- Rally in Canada’s main export item triggered the pair’s pullback.
- Data from the US and oil market developments will entertain Loonie traders.
Although Easter Monday holiday confines major market moves, USD/CAD trades near the intra-day low of 1.3365 as WTI crude oil, Canada’s main export, rose to fresh five-month high.
Friday’s lesser than expected figures of the US housing market indicators could also be considered as a reason for the recent pullback.
During early Monday, the Washington Post came out with a news report claiming that the US will soon announce sanctions to those purchasing crude from Iran in order to cut the nation’s oil exports to zero.
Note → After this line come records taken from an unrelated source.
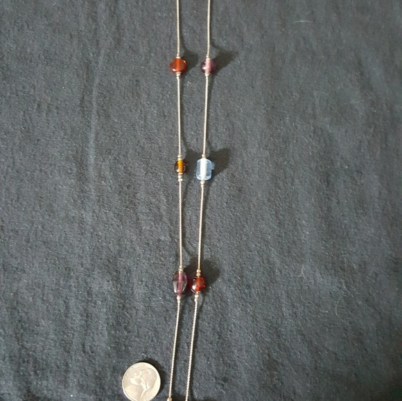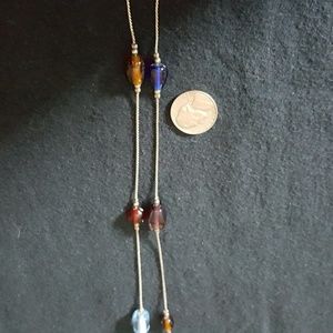 A beautiful silver in color longer chain .with just the amout of glass beads tomake it elegant.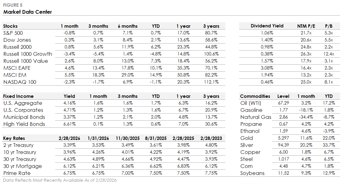 February was a busy month filled with AI headlines, shifting market leadership, and policy uncertainty. But beneath the surface, the economic backdrop remains stable, and the Federal Reserve remains patient. As leadership broadens beyond a narrow group of mega-cap stocks, diversified portfolios are beginning to benefit from a healthier market structure.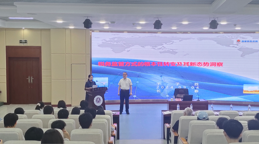税务学院教师及研究生参加了报告会。报告会由税务学院院长张巍主持。(审核人 张巍)

The news propelled WTI crude oil to fresh five-month high of $64.92. The energy benchmark was earlier taking advantage of first in three-week decline in the US oil rig counts, as conveyed by Baker Hughes.
Apart from fundamentals concerning oil prices, the US March month existing home sales could also entertain short-term traders. The housing market indicator is likely to follow recent sluggish data as forecasts suggest a print of 5.30 million versus 5.51 million prior with percentage change likely shrinking to -2.3% from +11.8% earlier readout.
USD/CAD Technical Analysis
A 100-day simple moving average (SMA) at 1.3330 seems nearby important support ahead of dragging the quote 1.3300 and March 19 lows near 1.3250.
Alternatively, the successful break of 1.3400 can question the strength of a downward sloping trend-line stretched since early-March, at 1.3435 now, a break of which may push buyers to 1.3500.